Nielsen/Business NotesSeeking More Pay for Delayed Play
By Bill Carter, The New York Times
- Nov. 4, 2013
In 2007, faced with the growing popularity of digital video recorders, advertisers agreed to pay television networks for commercials viewed within three days of a show’s first broadcast.
But with the pace of delayed viewing increasing ever more rapidly, a chorus of network executives is pushing for a new change — payment for seven days of commercial viewing on everything from computer screens and tablets to TV sets.
David F. Poltrack, who has headed CBS’s research for more than 30 years, said it would be hard to understate the influence of the digital video recorder on the economic model of commercial television. “The difference between this season and two seasons ago is more dramatic than the difference between two seasons ago and 20 seasons ago,” he said.

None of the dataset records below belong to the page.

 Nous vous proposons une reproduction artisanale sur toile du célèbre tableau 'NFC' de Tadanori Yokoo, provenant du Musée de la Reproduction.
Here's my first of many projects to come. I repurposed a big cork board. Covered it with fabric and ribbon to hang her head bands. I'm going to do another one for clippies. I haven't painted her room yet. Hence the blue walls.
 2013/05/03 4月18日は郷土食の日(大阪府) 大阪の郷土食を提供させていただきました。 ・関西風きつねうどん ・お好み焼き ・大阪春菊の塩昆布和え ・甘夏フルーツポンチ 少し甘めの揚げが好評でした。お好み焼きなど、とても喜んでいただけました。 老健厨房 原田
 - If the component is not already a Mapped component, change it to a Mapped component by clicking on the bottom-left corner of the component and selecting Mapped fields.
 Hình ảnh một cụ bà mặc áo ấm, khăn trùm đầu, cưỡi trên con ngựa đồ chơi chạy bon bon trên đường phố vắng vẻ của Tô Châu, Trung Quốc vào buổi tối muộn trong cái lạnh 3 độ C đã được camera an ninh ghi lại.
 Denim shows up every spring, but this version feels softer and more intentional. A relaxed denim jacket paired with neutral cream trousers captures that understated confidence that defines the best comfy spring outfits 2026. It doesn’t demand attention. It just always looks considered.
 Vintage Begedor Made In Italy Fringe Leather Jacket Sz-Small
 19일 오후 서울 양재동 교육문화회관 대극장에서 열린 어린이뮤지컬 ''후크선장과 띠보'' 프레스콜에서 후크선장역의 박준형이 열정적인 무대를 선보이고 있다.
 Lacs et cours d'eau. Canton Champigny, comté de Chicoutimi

The single biggest factor in that upheaval: delayed — and sometimes never counted — viewing of television shows. Under the agreement negotiated five years ago, known in the industry as C3, networks do not get paid for any viewing that takes place starting on the fourth day after a show’s first run, even though more and more viewing is falling into that category.
Viewing in the period four to seven days after the first run is up about 17 percent this season, Mr. Poltrack said. That can mean millions of viewers. The new Fox and NBC hits “Sleepy Hollow” and “The Blacklist” have both been adding more than a million viewers in those extra days, and about half a rating point in the category many advertisers pay a premium for — viewers between the ages of 18 and 49.

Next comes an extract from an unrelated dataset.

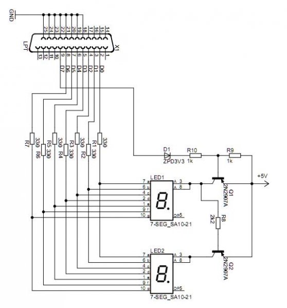 Szoval problema a szek es a szamitogep kozott van . Meg kellene ismerni az alap elektronikat! A rajzon en egy altalanos 7 szegmenses kijelzot rajzoltam aminek 2 anodja van, megpedig a 3. es a 8. labon (kozonseges es altalanos bekotes) . Termeszetesen ha a tied nem ilyen, at kell alakitani a kapcsrajzot annak megfeleloen. A tranyok vegul is barmilyenek lehetnek, ha elbirjak a kijelzok aramat. A bazisellenallas erteke nem valtozik termeszetesen, mert a tranyokat kapcsolo uzemmodban hasznaljuk. Ajanlom hogy olvass sokat az alap elektronikarol, ha ezzel akarsz foglalkozni. Utana sok mindent meg fogsz erteni.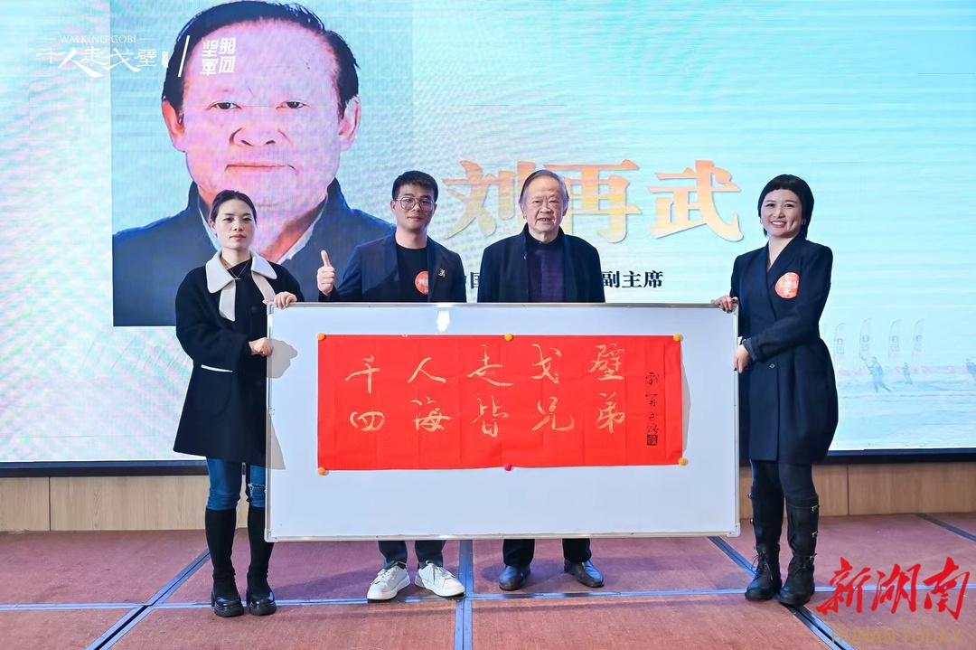 湖南日报·新湖南客户端11月15日讯(通讯员 胡富君 刘孝丹)日前,长沙市72岁的湖南省信访局退休干部,中国书画家协会副主席刘再武,挥毫泼墨一幅“千人走戈壁,四海皆兄弟”在长沙第十八届千人走戈壁英雄会(长沙站)暨感恩分享会上,向归来的湖南100多名成功勇士贺词。

“These are our viewers,” said Kevin Reilly, chairman of entertainment for the Fox Broadcasting Company. “It’s not as though they are lesser viewers or negligible viewers.”
Indeed, they are valuable viewers. Brad Adgate, the senior vice president for research at Horizon Media, said the 18-49 rating for programs in playback mode is better than first-run numbers for almost every network program this season. The median age for viewers watching recorded shows is 45.1 — younger than any of the four big networks (CBS, 58.3; ABC, 54.2; Fox, 51.1; NBC, 50.7).
Leslie Moonves, the CBS president, noted that viewers who play back shows demonstrated “a definite desire to watch those shows,” which goes to the increasingly important advertising area called engagement.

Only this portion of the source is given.